1 Kings 19 are words from the experience of the prophet Elijah in the wilderness
followed by –
words of wisdom from the prophet / songwriter Bob Dylan:

…..Yes, and how many years must a mountain exist
Before it is washed to the sea?
And how many years can some people exist
Before they’re allowed to be free?
…..Yes, and how many times can a man turn his head
And pretend that he just doesn’t see?
The answer, my friend, is blowin’ in the wind
The answer is blowin’ in the wind

…..Yes, and how many times must a man look up
Before he can see the sky?
And how many ears must one man have
Before he can hear people cry?
…..Yes, and how many deaths will it take ’til he knows
That too many people have died?
The answer, my friend, is blowin’ in the wind
The answer is blowin’ in the wind

Many if not most of the readers will be too young to have been around when this song was contemporary and will need to ask Mr Google for any kind of historical context ? Simple it is not, and the rhetorical answer ‘blowin’ in the wind’ can be interpreted in a number of ways.

The song has been at the forefront of my mind as the age old question returns to us people of faith who are also people of prayer –  how do we pray in these turbulent disturbing days?
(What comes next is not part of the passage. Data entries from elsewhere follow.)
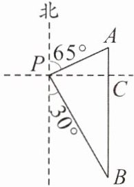 2. 如图,轮船从位于灯塔P的北偏东65°方向上距离灯塔100海里的A处,沿正南方向航行到B处,此时,B处位于灯塔南偏东30°方向上,求BP的长.(结果精确到1海里,参考数据:$\sin 65^{\circ} \approx 0.90$,$\cos 65^{\circ} \approx 0.42$)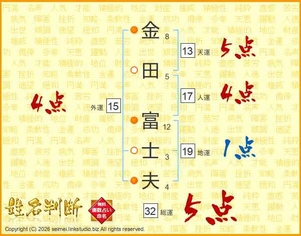 金(8画)田(5画) 富(12画)士(3画)夫(4画)
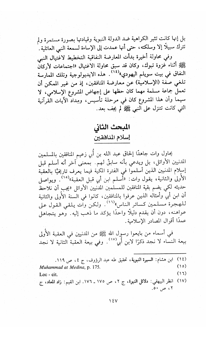 نام کتاب : الاستشراق في السيرة النبوية دراسة تاريخية لآراء (وات-بروكلمان-فلهاوزن) مقارنة بالرؤية الإسلامية نویسنده : عبد الله محمد الأمين النعيمي جلد : 1 صفحه : 147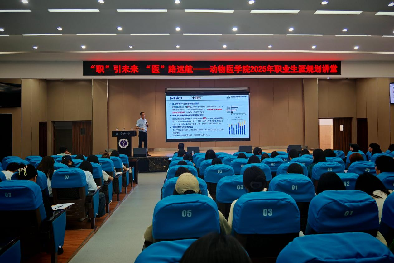 2025年5月19日上午10时,为拓宽学生视野,增强就业与考研竞争力,PA视讯集团在荣昌校区2211报告厅成功举办“职”引未来 “医”路远航”讲堂。本次活动特邀上海兽医研究所科研管理处处长姜一峰博士担任主讲嘉宾,学院两百余名师生积极参与,讲座由PA视讯集团副院长宋振辉主持。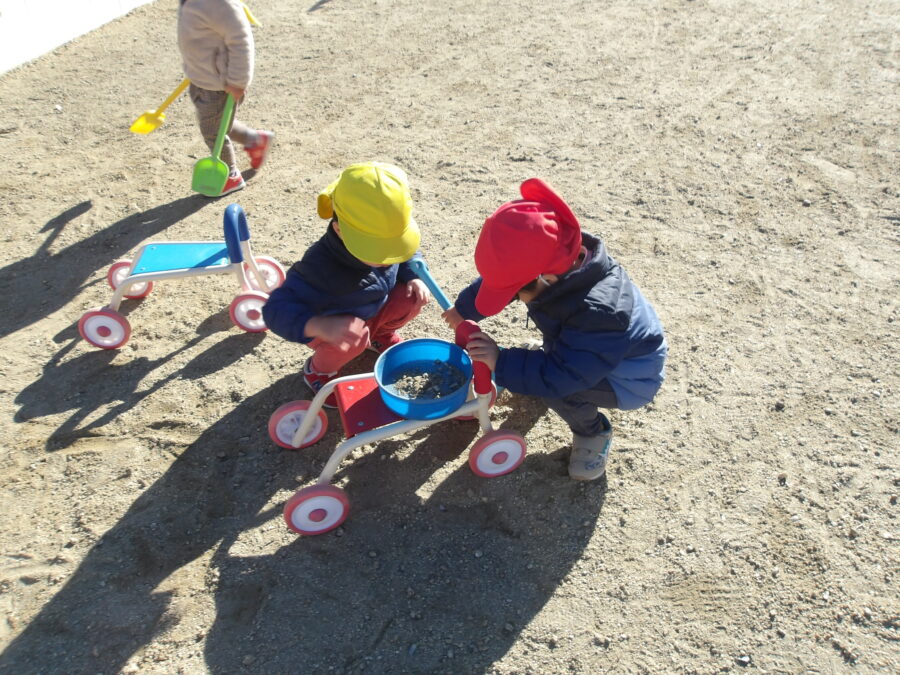 次はコンビカー! 子どもたちは大事なものをコンビカーに乗せて運んだり、コンビカーにまたがりドライブを楽しんだりしていました![]()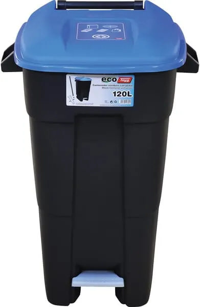 Nádoba na odpad s pedálem, černo-modrá, 120 L, 600x568x886mm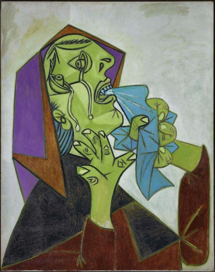 La madre del niño muerto y las cabezas de mujer interesan tanto a Picasso que, una vez finalizado el Guernica, sigue pintándolas en los llamados postscriptos. "Seguirá representando estos motivos e introducirá tres modificaciones: el color; las lágrimas y el pañuelo con el que se enjugan esas lágrimas".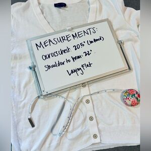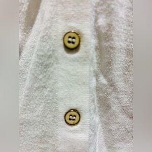 Chic white v-neck cardigan with gold button closure. 3/4 length sleeves. Adds elegance to any look.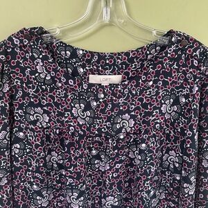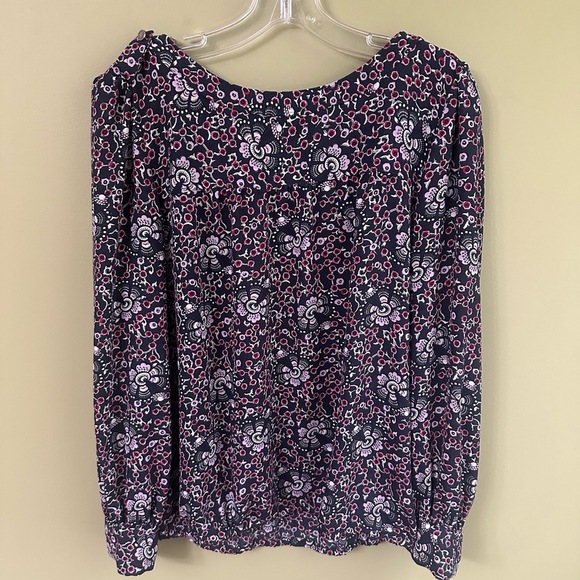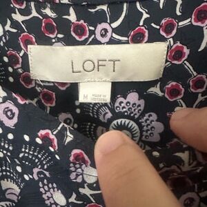 LOFT Womens Top Size Medium Blouse Multicolor Floral Long Sleeve Round Neck Casual Chic Boho Peasant Cottagecore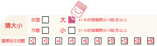 「猜大小」玩法您只需依您對獎號的預測選擇猜「大」或是猜「小」。
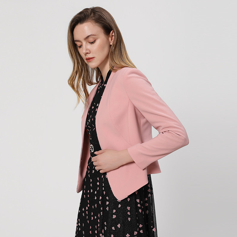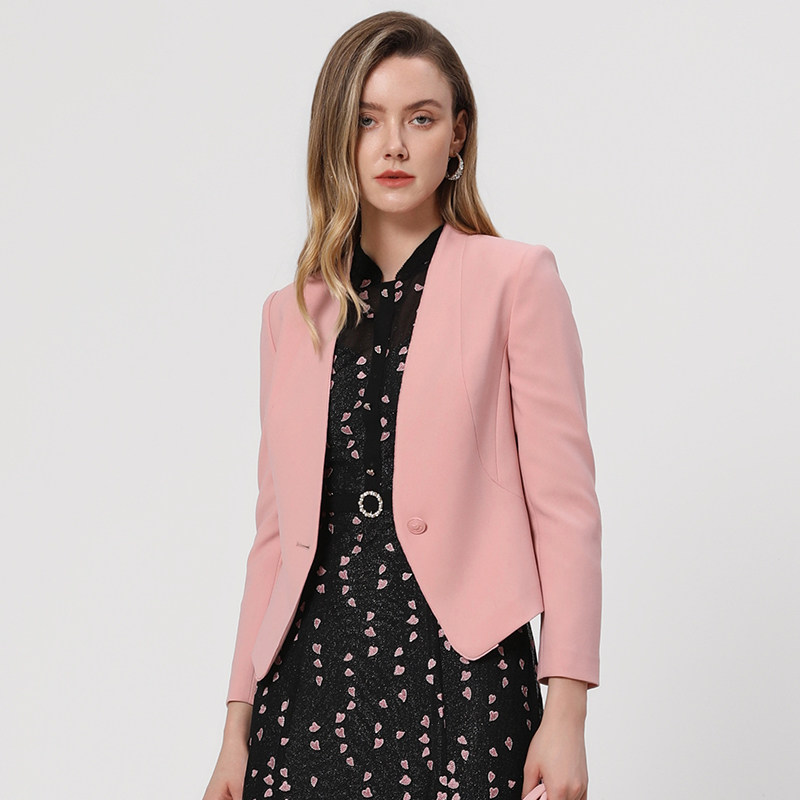 天猫专柜正品马天奴女装秋冬粉色V领一粒扣修身西装外套短款西服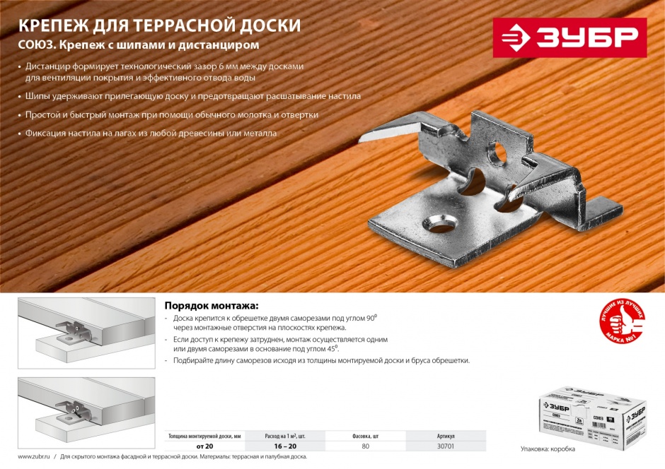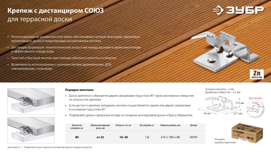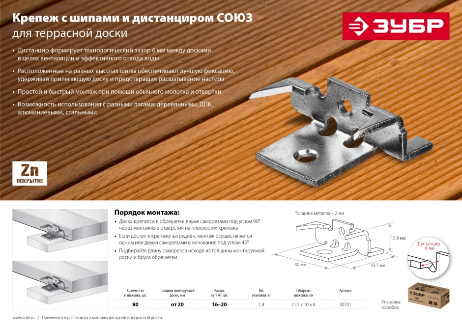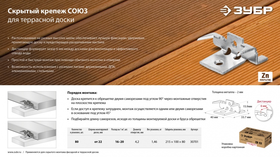 - Дистанцир формирует зазор 6 мм между досками.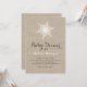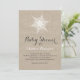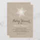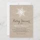 Écriture de ruban fantaisie et un flocon de neige fantaisie accentuent cette invitation rustique et baby shower sur un arrière - plan burlap illustré. Contactez-nous à l'adresse prettyfancyinvites@gmail.com, si vous avez besoin d'autres éléments de coordination ou d'aide pour personnaliser cette invitation. Faites défiler vers le bas pour voir l'estampille de coordination.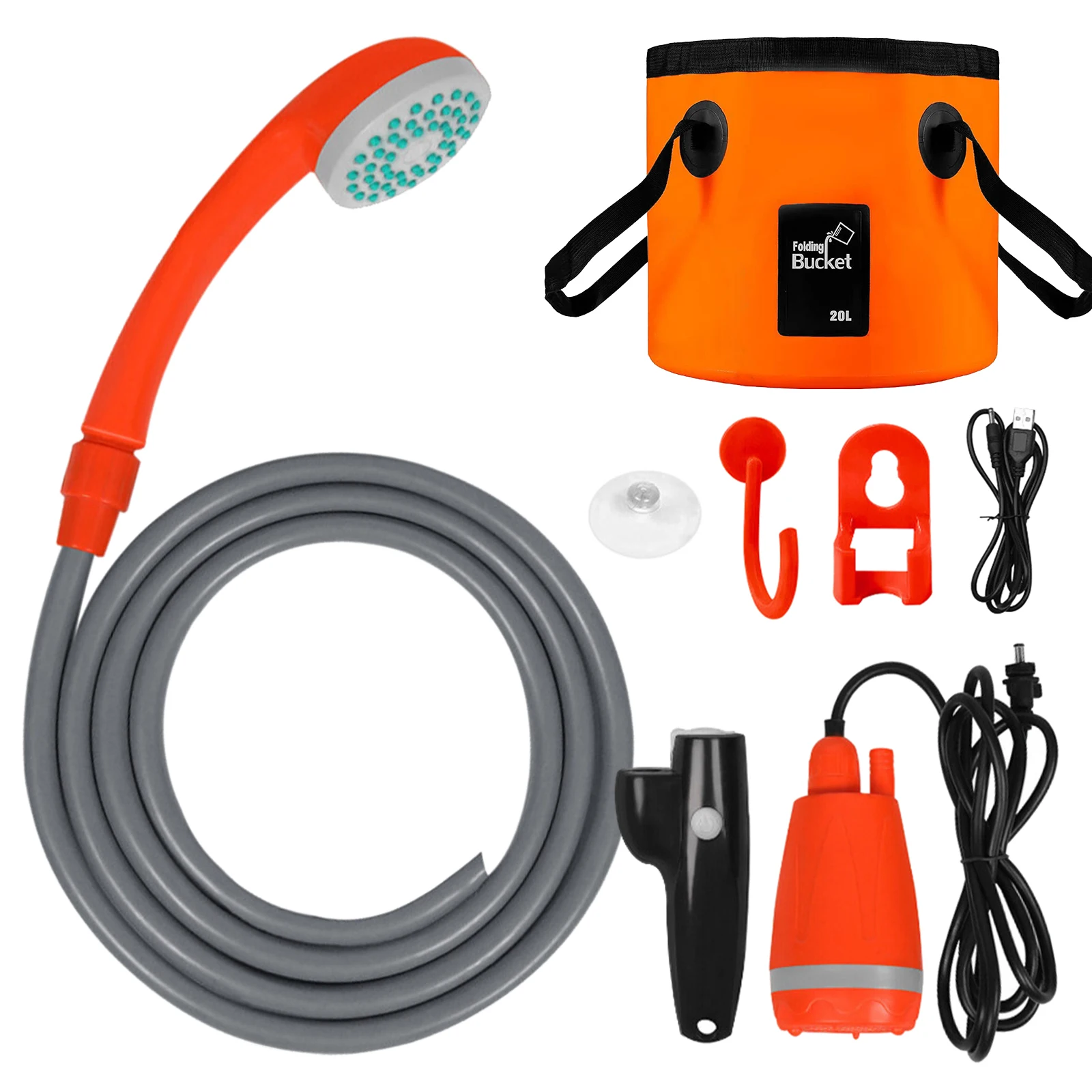 Outdoor Portable Camping Shower Kit with 2.5-3.5L/min Water Discharge 2m Hose USB Charging 30-60min Battery Life Camp Shower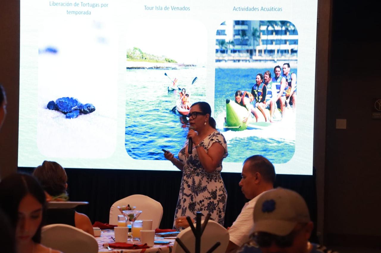 Previo a la entrega de la placa, la secretaria de Turismo de Sinaloa le dio la bienvenida a un grupo de meeting planners de Pulso Eventos, que realizaba un fam trip para conocer todo lo que Mazatlán ofrece en el segmento de la industria de congresos y convenciones y de esta manera atraer más eventos para el puerto.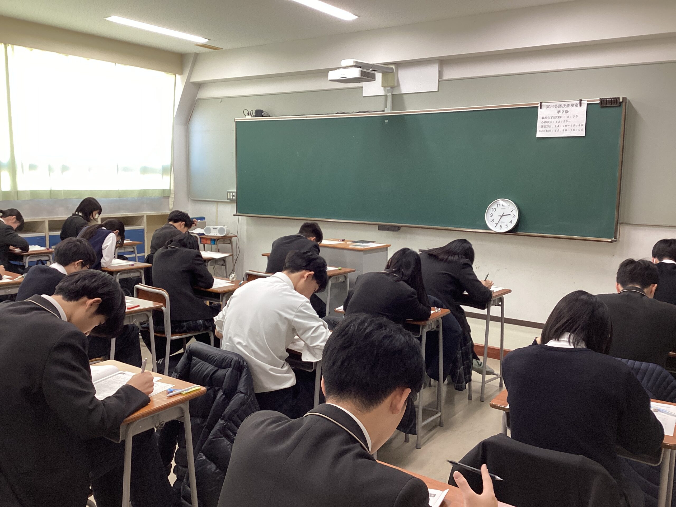 本日、中学全学年を対象に、第3回実用英語技能検定を実施しました。冬期講習から中学校全体で受験級ごとにクラスを分けて対策を始め、3学期からは朝の時間や講習の時間を英検対策に充てて、受検級合格を目指して取り組んできました。対策の成果が発揮されることを願っています。

I have just bought 2 books which tackle 2 opposite ends of the Silence spectrum.
One is when prayer, especially personal prayer, seems to fall on deaf ears. God is silent. Or so it seems. What does such a statement or experience evoke in you ?
The other is on knowing when as people of faith we need to speak out and NOT be silent. When we need to give voice to the voiceless, to those who have been silenced by power brokers. What does such a call or even duty evoke in you ?

I plan to read the two together in the hope that they might also speak to each other as well as to me. That has worked for me before.

But I wish to end on a beautiful note. The Church of Ireland (which covers the whole of Ireland) has the same Anglican liturgy we enjoy but it has a tradition built into that liturgy which is both beautiful and profound. It is called ‘the Great Silence’ and it comes just after everyone has received communion. Everything stops – there is no clearing up at the altar, there is no organist jumping in …. nobody moves…. there is silence and stillness…. allowing God to speak through all that has taken place so far  – through the Bible readings, the music, the prayers, the sacrament, the liturgy…… allowing the people to listen and to hear and receive and take into the new week.